Thursday, 16 April 2015

#revision - GALLIZIO AND INDUSTRIAL PAINTING

Where the neo avant-garde Italian artist Manzoni thought satirically and playfully of consumerist and capitalist society, Guiseppe Pinot-Gallizio thought more deeply and reactionary. After meeting avid Marxist Guy Debord and the International Situationist's, Gallizio became more involved in a Marixst and social type of art making reminiscent of that seen in countries like Russia or Germany during the historic avant-gardes. Through a process of mechanised and collective making, Gallizio's Industrial Paintings were born and aimed to remove themselves from the gallery space and be widely available to the public.
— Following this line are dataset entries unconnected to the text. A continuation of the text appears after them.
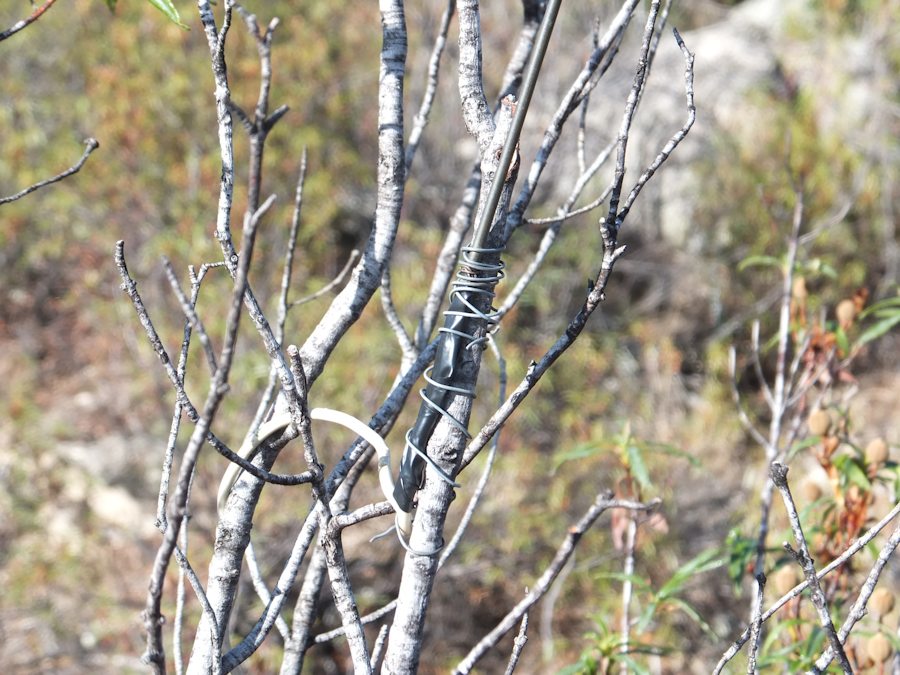 Detalle de la antena iniciadora y el cable que la une con la carga explosiva.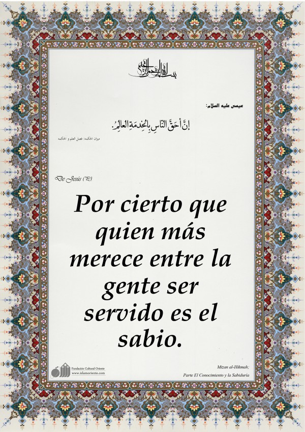 عيسى عليه السلام: إنَّ أحَقَّ النّاسِ بِالخِدمَةِ العالِمُ.[1]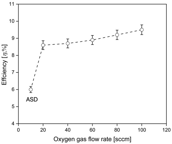Figure 18 shows the overall efficiency of DSSC devices, comparing ASD film and ITO-nanorod film treated with oxygen plasma in different conditions of gas flow rates. The trend illustrates that when the oxygen gas flow rate is increased, the η of the photovoltaic improves. Compared with ASD film, the samples treated with oxygen plasma exhibited higher efficiency, especially at an oxygen gas flow rate of 100 sccm, showing the highest efficiency of 9.5%. It produces higher energy oxygen plasma with more oxygen gas ions. When falling to ITO-nanorod substrates, the substrate surface is modified by enhancing the roughness of the ITO-nanorod (working electrode) to allow greater dye absorption. This results in better light harvesting efficiency, leading to improved performance of DSSC devices based on ITO-nanorod deposited on a glass substrate.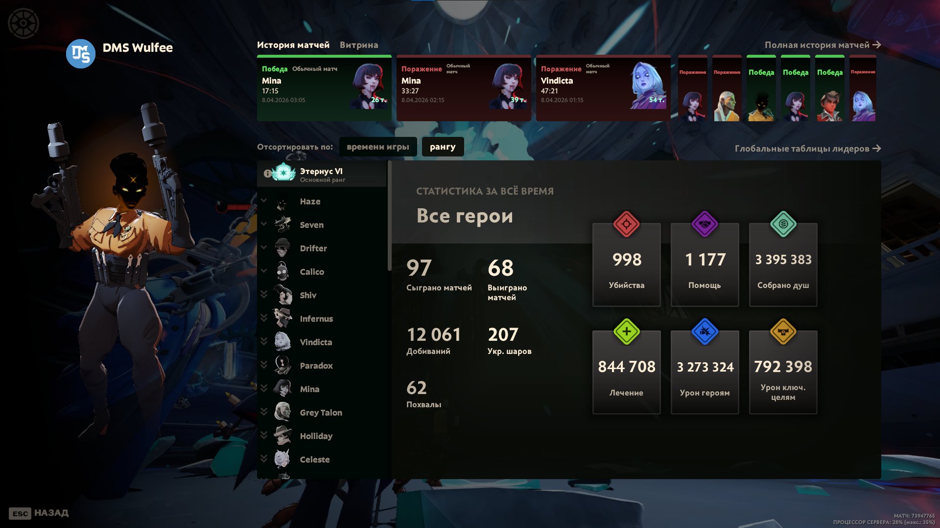 Тип предложения: ПродажаКраткое описание: 🔵 ЭТЕРНУС 6 🍀 NO VAC 🎮 АККАУНТ ПОД МЕЙН 💥 95+ МАТЧЕЙ 💥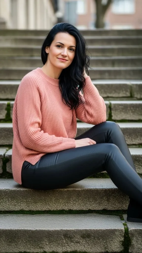Muted coral sweaters pair well with leather-look leggings for a chic winter vibe. Find synthetic leather leggings for affordable prices at discount outlets or secondhand shops. This contrast creates depth while keeping the palette soft and inviting.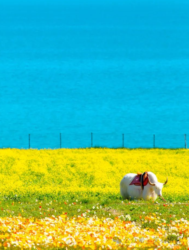 金黄的花海、雪山的皎洁、湖泊如翡翠一般的碧水,一眼就让人仿佛进入了一个梦幻般的仙境。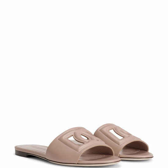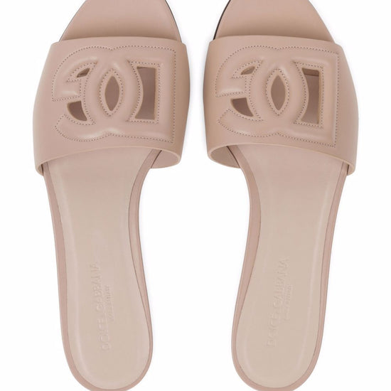 Powder pink calf leather embossed logo to the front cut-out detailing almond toe branded insole flat rubber sole dg logo leather flat sandals size and fit - heel 0,5 cm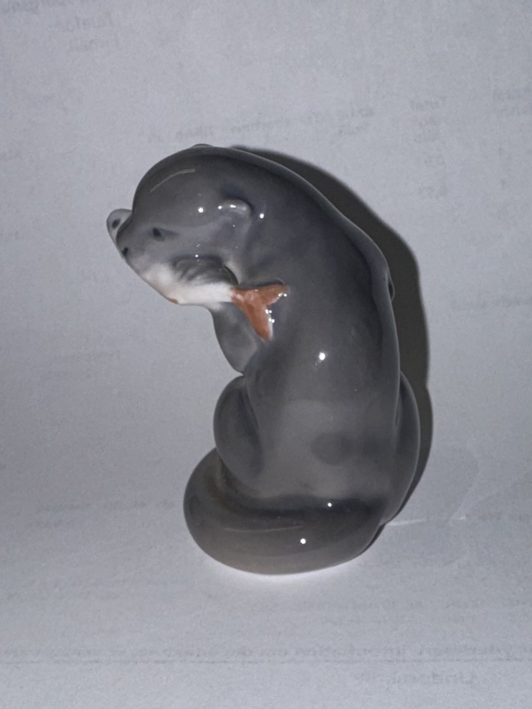 Figur i porcelæn af odder med fiskefangst i munden fra Royal Copenhagen. 2. Sortering. I god stand uden skader eller reparationer. Fabriksmærket samt Modelnummer 2333 på bunden. H. 5 cm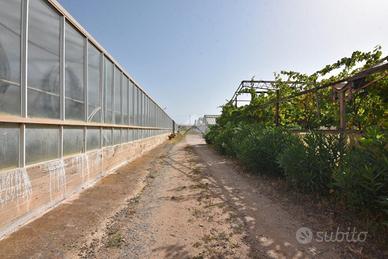 Al suo interno sono state realizzate due serre automatizzate in ferro vetro per una superficie totale pari a mq 5200, oltre altri 1600 mq di struttura in ferro e vetroresina coltivata ad uva da tavola. Le strutture sono dotate d'impianti per l'irrigazione. All'interno della proprietà sono presenti n°400 piante fruttifere in piena produzione (pesche e albicocche), n°200 ulivi frangivento ed un grande orto irriguo. Il terreno è servito da corrente elettrica ed idrica grazie anche alla presenza di due pozzi artesiani. Sia internamente alle serre che a servizio del frutteto è presente un impianto d'irrigazione perfettamente operativo.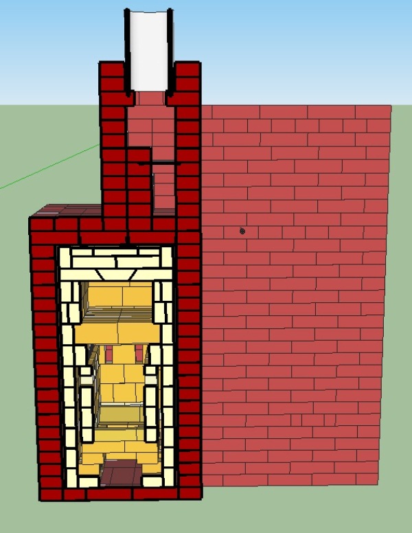 На месте старой русской печки планируем построить новвую. Такая конструкция удовлетворяет всем нашим условиям. Высота печки 2.1м, а потолка 2.4. Чтобы не делать распушку, решили поставить сэндвич и обложить его кирпичом. В целях экономии кирпича футерована только топка с ХК, да и местные печники убедили что Боровичский керамический кирпич прекрасно держит температуру.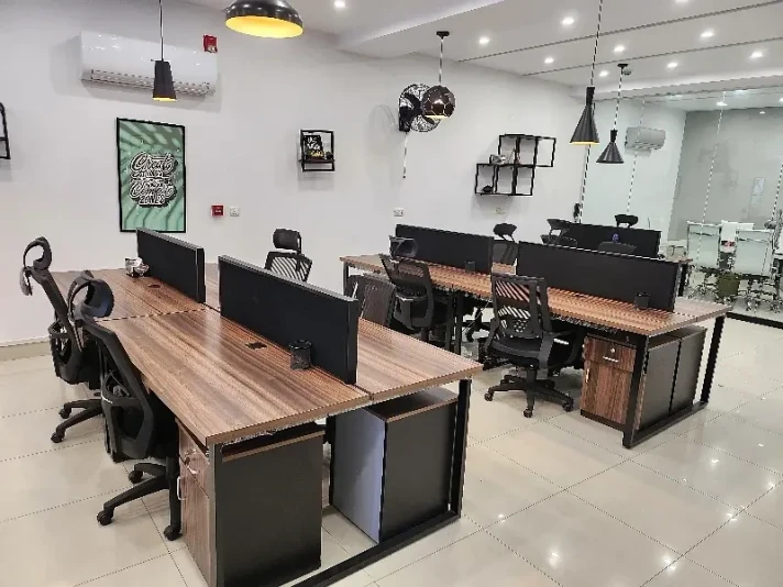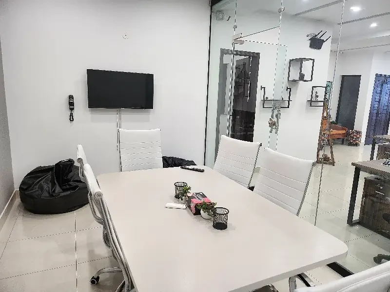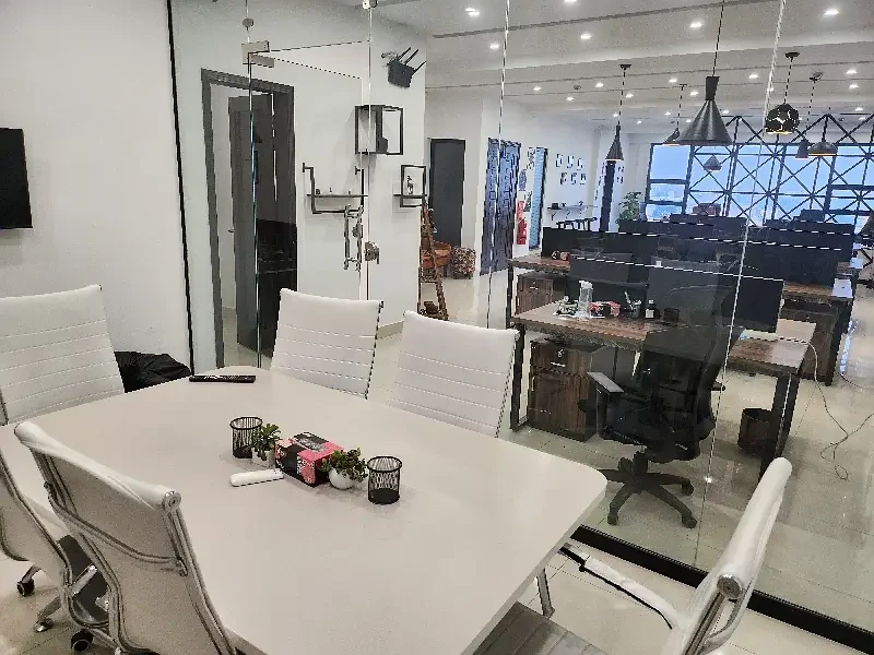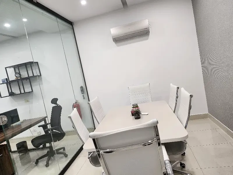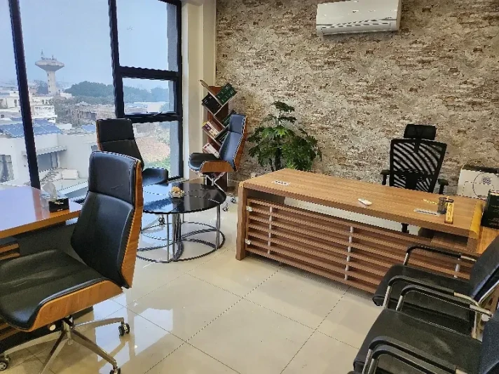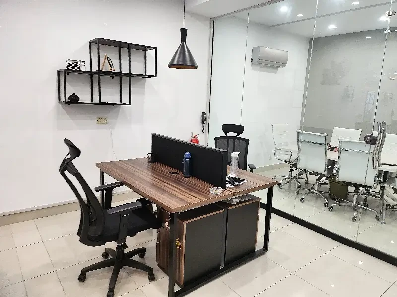 The office features one executive room, one conference room, and an open layout suitable for team operations. It comes equipped with brand-new furniture, new tiled flooring, a stylish ceiling design, and beautifully decorated walls that create a professional and modern environment. Additionally, the space includes two bathrooms and a kitchen, ensuring convenience for daily operations.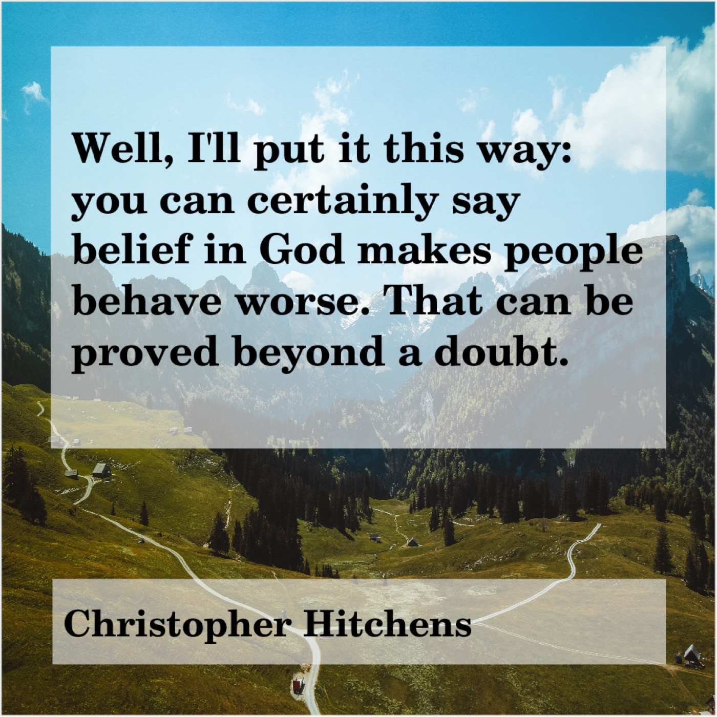 Christopher Hitchens Christopher Hitchens – Well, I’ll put it this… June 9, 2019 admin “Well, I’ll put it this way: you can certainly say belief in God makes people behave worse. That can be proved beyond a doubt.”-Christopher Hitchens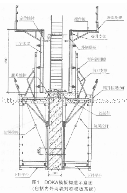 正常使用時, DOKA模板支撐系統通過爬升錐懸掛在已澆筑好的混凝土壁外側, 上層面板系統用來澆筑新層, 同時在新層位預埋定位錐, 待混凝土強度達到要求后, 改定位錐為爬升錐, 然后提升模板, 將支撐系統懸掛在新的爬升錐上, 以此類推, 逐層施工。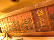 当時、二階のお座敷には芸者さんを呼ぶことが多く、太鼓持ちの方に頂いた物、鮨屋連合の方から頂いた物、魚河岸から頂いた物である。今では珍しい品となっている。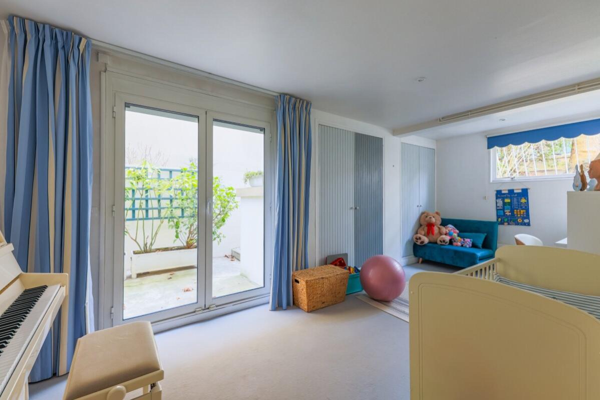 Idéalement situé, à quelques pas du bois de Boulogne, de Dupanloup et de Roland-Garros, au calme d'une voie privée, ce duplex traversant familial d'une surface Carrez de 169 m² est situé au rez-de-chaussée surélevé d'une résidence arborée des années 60 sécurisée et gardiennée.

The process of making become important if not absolutely pivotal to the artwork, with the emphasis taken away from the artists hand and put onto that of the machine. Created on a rickety table with rollers covered in varying substances, each roll of mass produced but unique, which Frances Stracey sees as not regressing to the 'unique touch of the artist', but instead emphasising that all that is mechanically produced is not necessarily identical and void of personality, as a commodity culture would have us believe. Further benefits of having a machine create the huge lengths of these paintings is that it can be a cumulative human effort from many people, and therefore the mass of painting produced creates a surplus value that can split between all those involved, creating a social type of art form. The rolls of painting can be cut into desired sizes instead of being one revered art object that is available for only one, privileged person. Furthermore, the traditional notion of the artwork living in the gallery space is subverting, with a preference to existing in the urban streets.